## Data listing
------------------------------
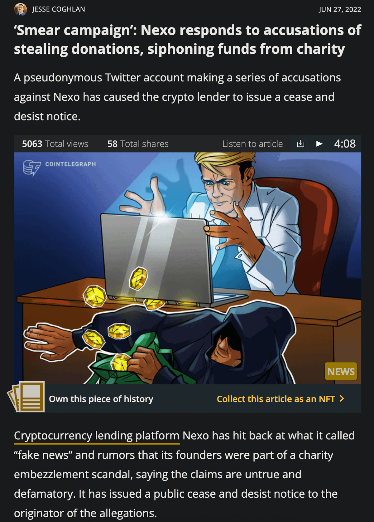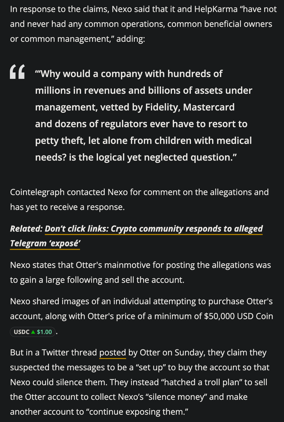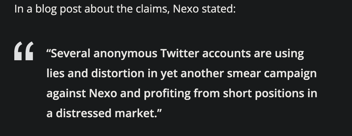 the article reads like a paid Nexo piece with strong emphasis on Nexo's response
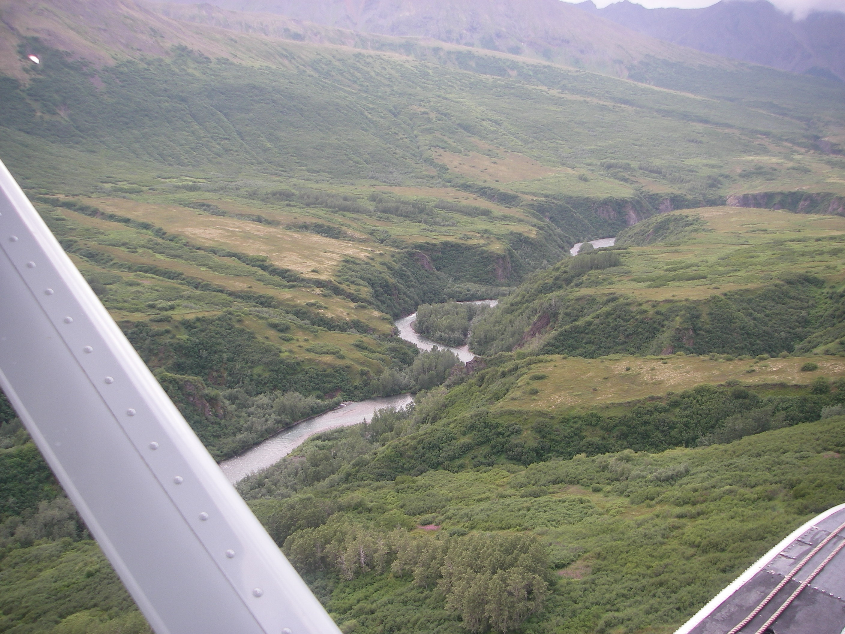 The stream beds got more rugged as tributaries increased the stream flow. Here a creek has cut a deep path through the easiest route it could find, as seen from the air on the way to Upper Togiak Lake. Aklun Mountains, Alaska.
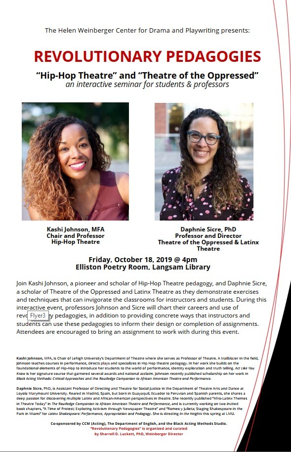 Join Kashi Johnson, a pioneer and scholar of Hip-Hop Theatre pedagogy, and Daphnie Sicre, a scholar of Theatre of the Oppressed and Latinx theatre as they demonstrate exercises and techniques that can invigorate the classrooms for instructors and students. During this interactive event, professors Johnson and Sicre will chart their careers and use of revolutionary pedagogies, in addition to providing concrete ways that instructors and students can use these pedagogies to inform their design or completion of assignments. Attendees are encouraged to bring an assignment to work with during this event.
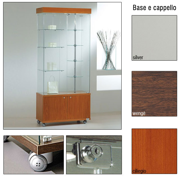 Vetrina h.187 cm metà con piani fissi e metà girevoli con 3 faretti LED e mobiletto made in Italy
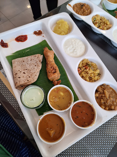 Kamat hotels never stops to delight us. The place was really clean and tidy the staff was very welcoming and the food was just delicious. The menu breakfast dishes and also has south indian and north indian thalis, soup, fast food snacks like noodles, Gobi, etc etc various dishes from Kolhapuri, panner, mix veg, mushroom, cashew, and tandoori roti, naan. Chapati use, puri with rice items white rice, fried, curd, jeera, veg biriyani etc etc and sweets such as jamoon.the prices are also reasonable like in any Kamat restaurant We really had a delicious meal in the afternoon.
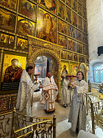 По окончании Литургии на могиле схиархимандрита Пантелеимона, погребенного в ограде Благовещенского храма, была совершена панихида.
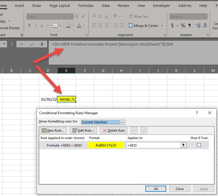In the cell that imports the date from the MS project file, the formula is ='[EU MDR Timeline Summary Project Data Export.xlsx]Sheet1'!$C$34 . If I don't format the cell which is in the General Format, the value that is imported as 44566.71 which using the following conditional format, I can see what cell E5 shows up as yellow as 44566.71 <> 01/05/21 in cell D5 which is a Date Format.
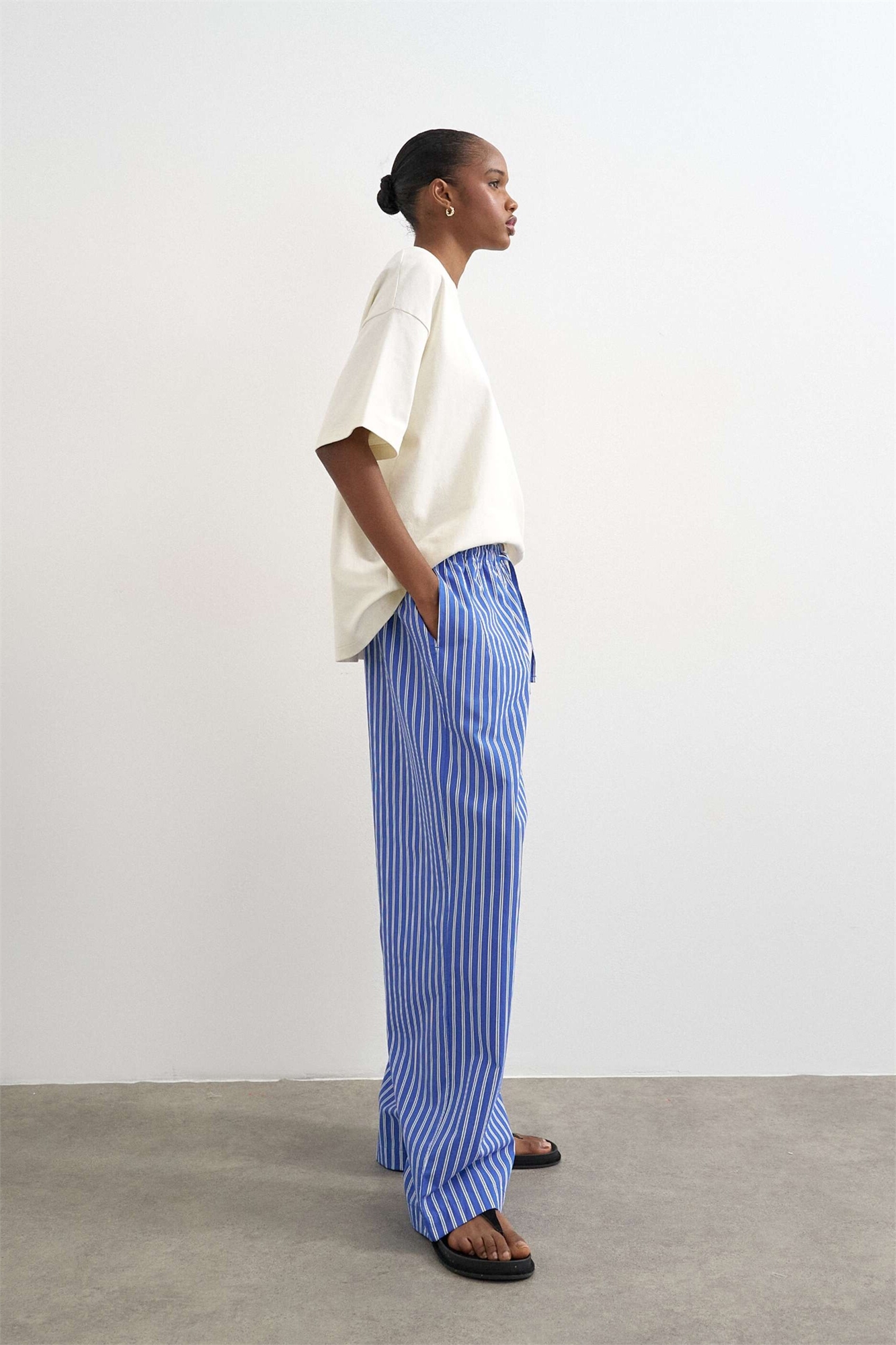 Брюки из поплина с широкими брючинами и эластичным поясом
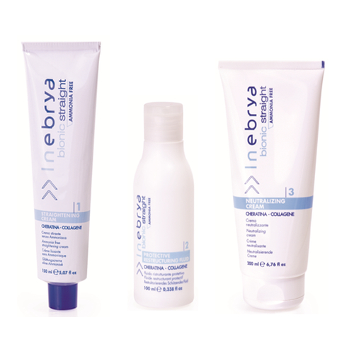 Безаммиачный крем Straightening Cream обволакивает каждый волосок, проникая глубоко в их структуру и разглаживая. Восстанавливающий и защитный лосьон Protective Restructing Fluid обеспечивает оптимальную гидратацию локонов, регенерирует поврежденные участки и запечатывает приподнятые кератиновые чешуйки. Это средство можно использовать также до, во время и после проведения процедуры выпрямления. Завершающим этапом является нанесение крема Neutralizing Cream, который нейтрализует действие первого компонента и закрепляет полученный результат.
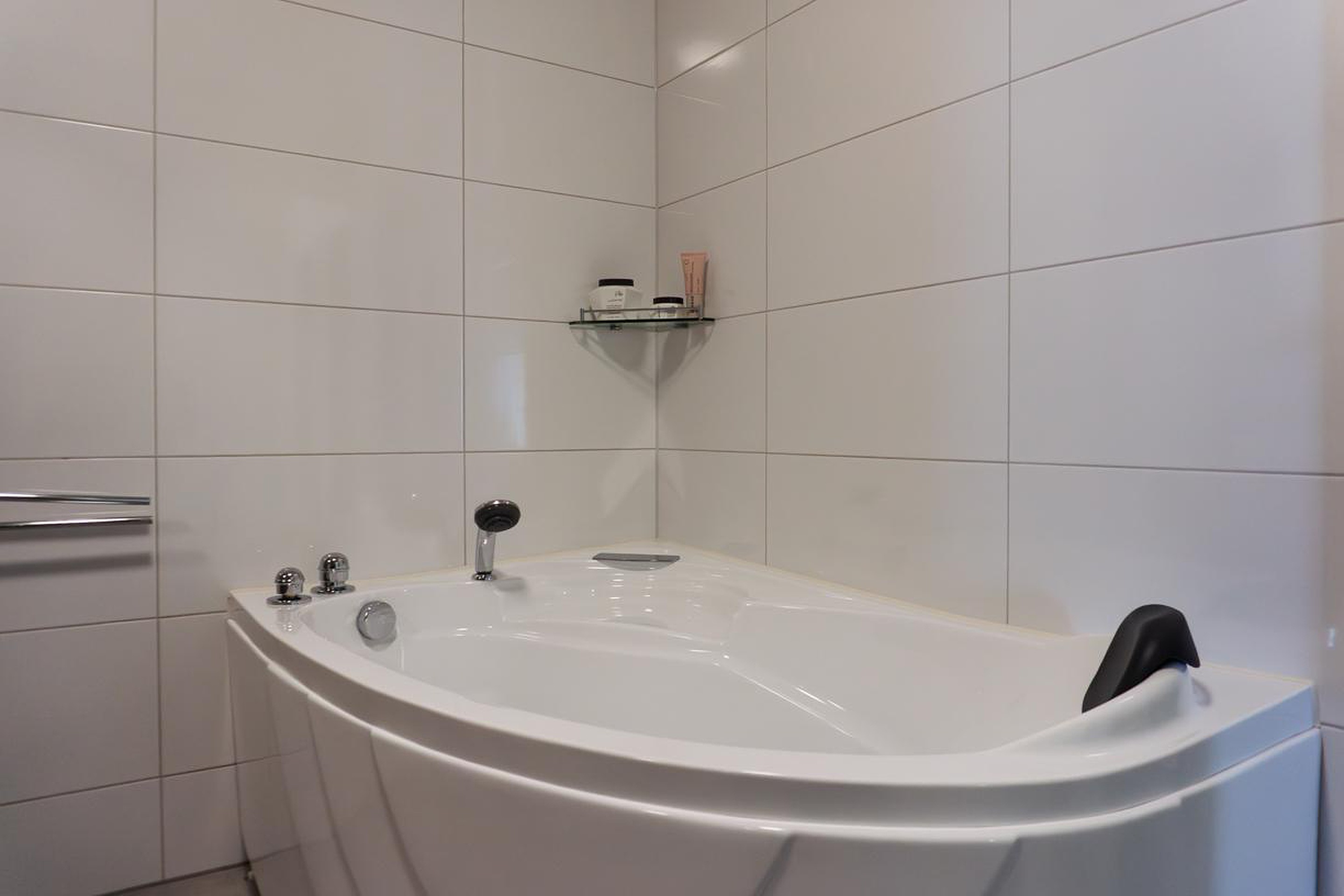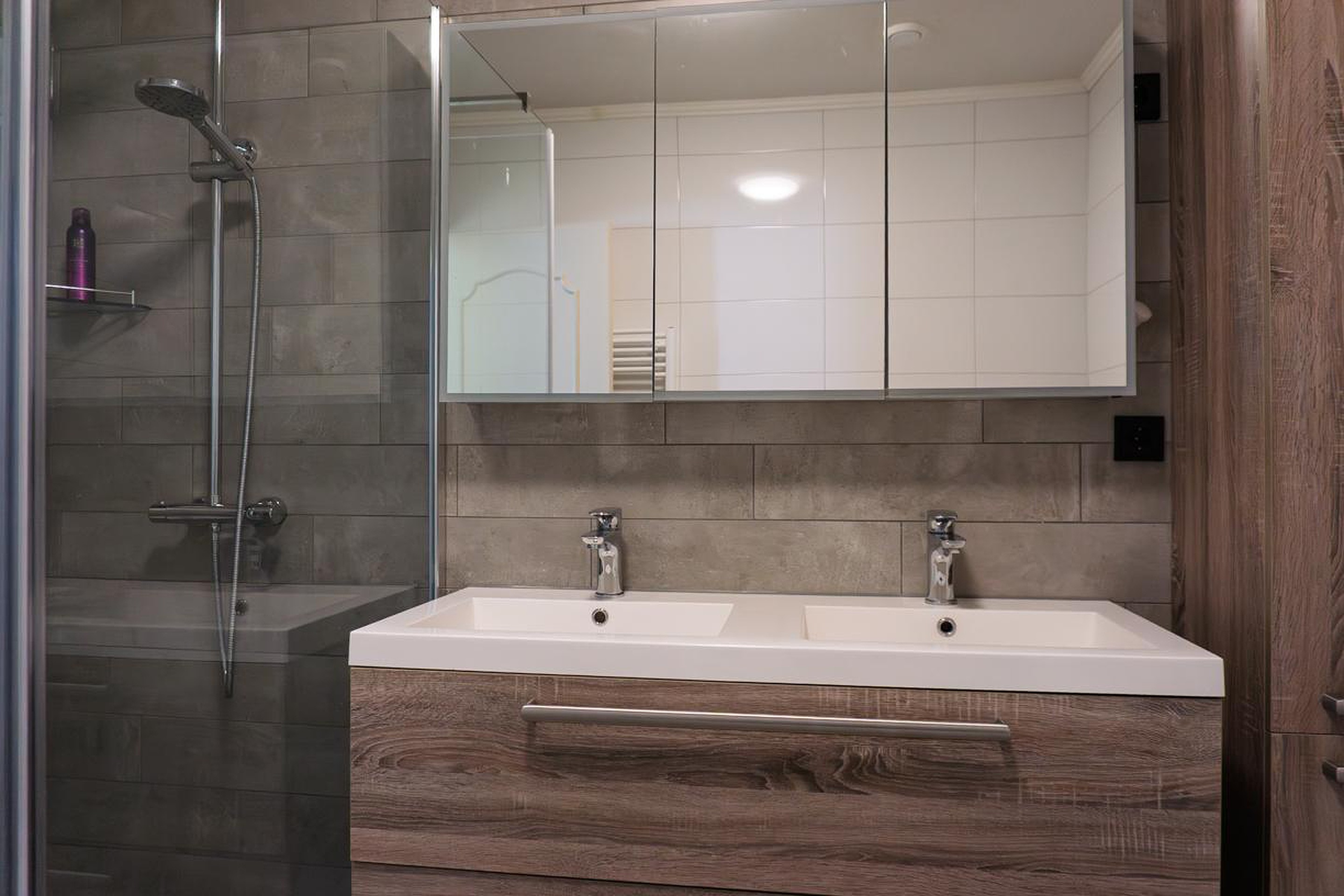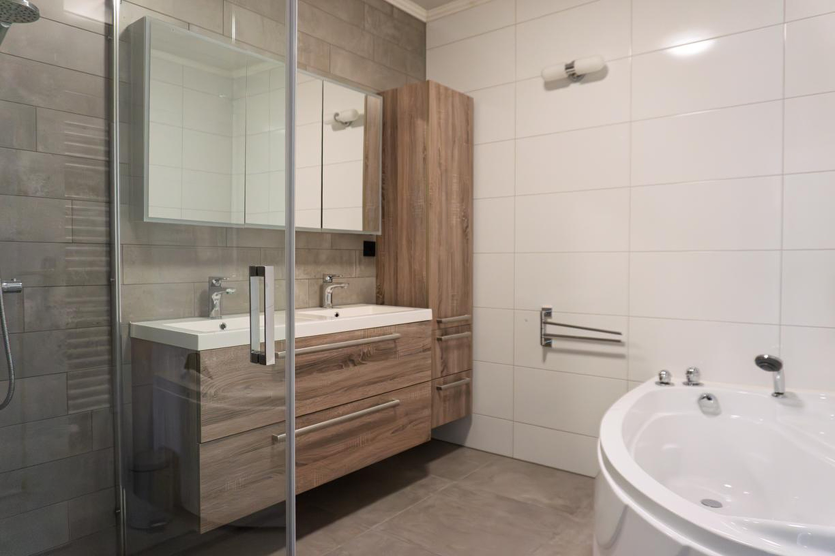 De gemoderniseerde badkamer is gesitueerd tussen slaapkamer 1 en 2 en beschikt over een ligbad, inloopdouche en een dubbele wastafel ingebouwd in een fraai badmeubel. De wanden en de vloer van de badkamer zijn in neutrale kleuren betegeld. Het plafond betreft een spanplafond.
------------------------------
## Task to complete
Nothing but the lines from the one containing "Безаммиачный крем Straightening" through the end of the listing is to be output, and those lines are to be output exactly, pictures excluded.

## Response to this exercise
 Безаммиачный крем Straightening Cream обволакивает каждый волосок, проникая глубоко в их структуру и разглаживая. Восстанавливающий и защитный лосьон Protective Restructing Fluid обеспечивает оптимальную гидратацию локонов, регенерирует поврежденные участки и запечатывает приподнятые кератиновые чешуйки. Это средство можно использовать также до, во время и после проведения процедуры выпрямления. Завершающим этапом является нанесение крема Neutralizing Cream, который нейтрализует действие первого компонента и закрепляет полученный результат.
 De gemoderniseerde badkamer is gesitueerd tussen slaapkamer 1 en 2 en beschikt over een ligbad, inloopdouche en een dubbele wastafel ingebouwd in een fraai badmeubel. De wanden en de vloer van de badkamer zijn in neutrale kleuren betegeld. Het plafond betreft een spanplafond.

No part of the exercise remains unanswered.